The font describing information determining module 501 may include:
the file analysis submodule 5011 is used for analyzing a PDF file of the fonts to be embedded;
the sub-module 5012 for determining the fonts to be embedded and the description thereof is configured to determine the double-byte fonts used by the PDF file but not embedded and the font description information of the double-byte fonts according to the PDF dictionary object of the PDF file analyzed by the file analyzing sub-module 5011.

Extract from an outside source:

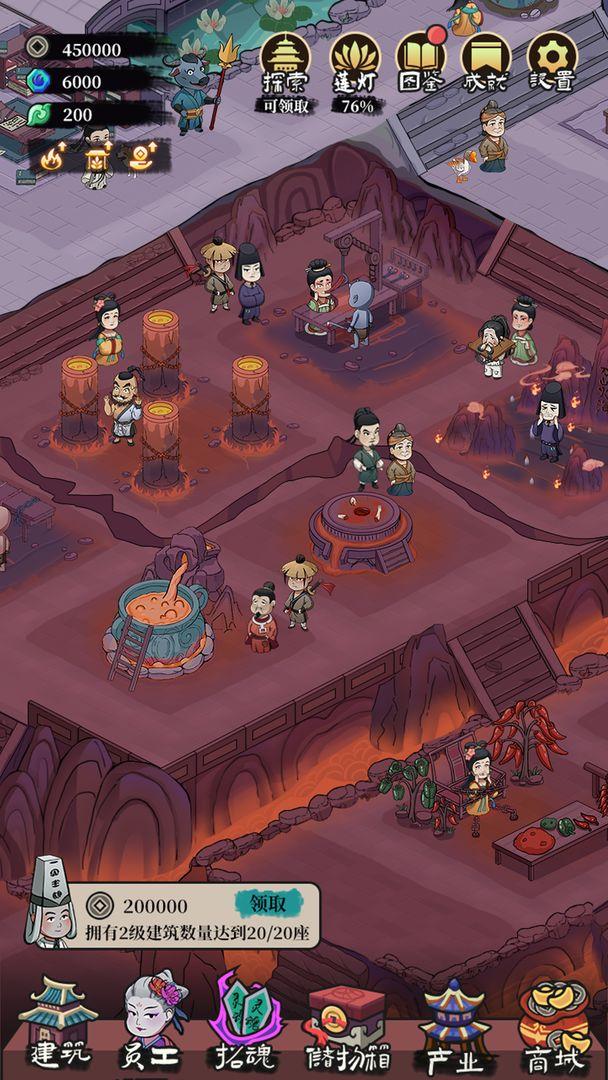 游戏画面可以看一下宣传截图,怎么说呢?还行吧,毕竟主题是地府对于地府的一些该有的刻画也都有,不过在刻画程度上,还是不屈于那种地府该有的恐怖这种氛围,而是相对更加缓和的一种情况。就感觉比较一般。虽然游戏玩法是经营一个地府,但实际上你要干的事情可以说是一只手都数得过来。基本上玩下来你就是需要来建造各种建筑物,然后挂机获得收益,就这样子。比如建造刀山火海区什么之类的,然后搞一口井,弄点忘情水什么的,然后做孟婆汤之类的这些方面的话,你基本上就是单纯的获得的钱币够了,然后直接当场建造。建造完你就可以什么都不用干了,就全自动的流程化。整个过程可以说是就,完全挂机。没什么太多的可玩性,基本上就是靠游戏的画风以及一些对话设计来增加一下视觉观感。比如在审判长这里会记录生前到底是怎么样子的,比如杀人放火呀之类的或者是偷盗抢劫,这些都会被记录下来,并且以悬浮字样的方式出现,来看这个人是善良的还是邪恶的。然后看着他去受刑。
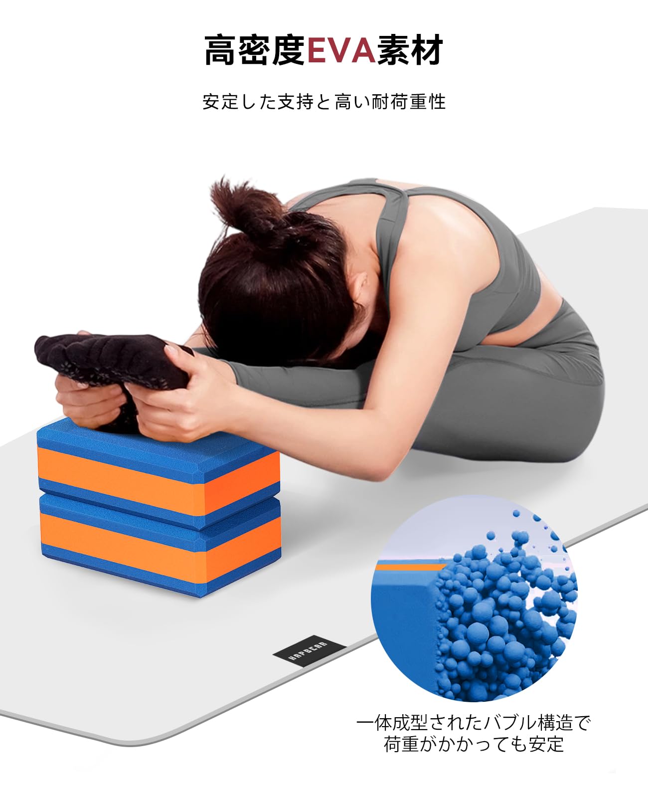 【Tumaz】ヨガブロックヨガベルト ポーズ補助用3点セット(高密度EVA軽量ヨガブロック または 高防滑性コルクヨガブロック) セット内容:ヨガブロックX2/ヨガベルトX1/デジタルガイドX8) あらゆるカラー 防滑性 安定性 軽量 お持ち運び便利 ストレッチ用 ピラティスブロック 【日本直営店】

The font describing information obtaining module 502 may include:
the content stream analyzing submodule 5021 is used for analyzing the content stream of the PDF file with the fonts to be embedded to obtain all instructions related to character output;
the character and identifier acquiring submodule 5022 is used for determining characters which are output by using the double-byte fonts to be embedded according to the instruction analyzed by the content stream analyzing submodule 5021; and acquiring a character identifier or a font identifier of the output character according to the determined font type and the corresponding encoding mode of the output character. If the font Type to which the output character belongs is the Type1 Type, the character identifier is obtained, and if the font Type to which the output character belongs is the Type TrueType, the font identifier is obtained, and the process of obtaining the character identifier or the font identifier according to the font Type and further according to the encoding mode is as described above;
the font describing information obtaining sub-module 5023 is used for obtaining font describing information corresponding to the identifier according to the font file of the double-byte font.
The font describing information obtaining module 502 further includes: the font file loading submodule 5024 is configured to load a corresponding font file according to the font description information of the double-byte font determined by the font to be embedded and the description determination submodule 5012 thereof. When the font describing information acquiring submodule 5023 acquires the font describing information, the font describing information corresponding to the identifier is acquired from the loaded font file.
The PDF file generating module 503 may include:
a font program data stream constructing submodule 5031, configured to construct a corresponding font program data stream according to a font type to which a double-byte font to be embedded belongs;
the font program data stream writing sub-module 5032 is configured to store the obtained font description information into a corresponding font program data stream;
the PDF file writing sub-module 5033 is configured to write the font program data stream in which the font description information is stored and the font description information of the double-byte font to be embedded into the target PDF file, where the target PDF file is the PDF file in which the double-byte font to be embedded is embedded.
It will be apparent to those skilled in the art that various changes and modifications may be made in the present invention without departing from the spirit and scope of the invention. Thus, if such modifications and variations of the present invention fall within the scope of the claims of the present invention and their equivalents, the present invention is also intended to include such modifications and variations.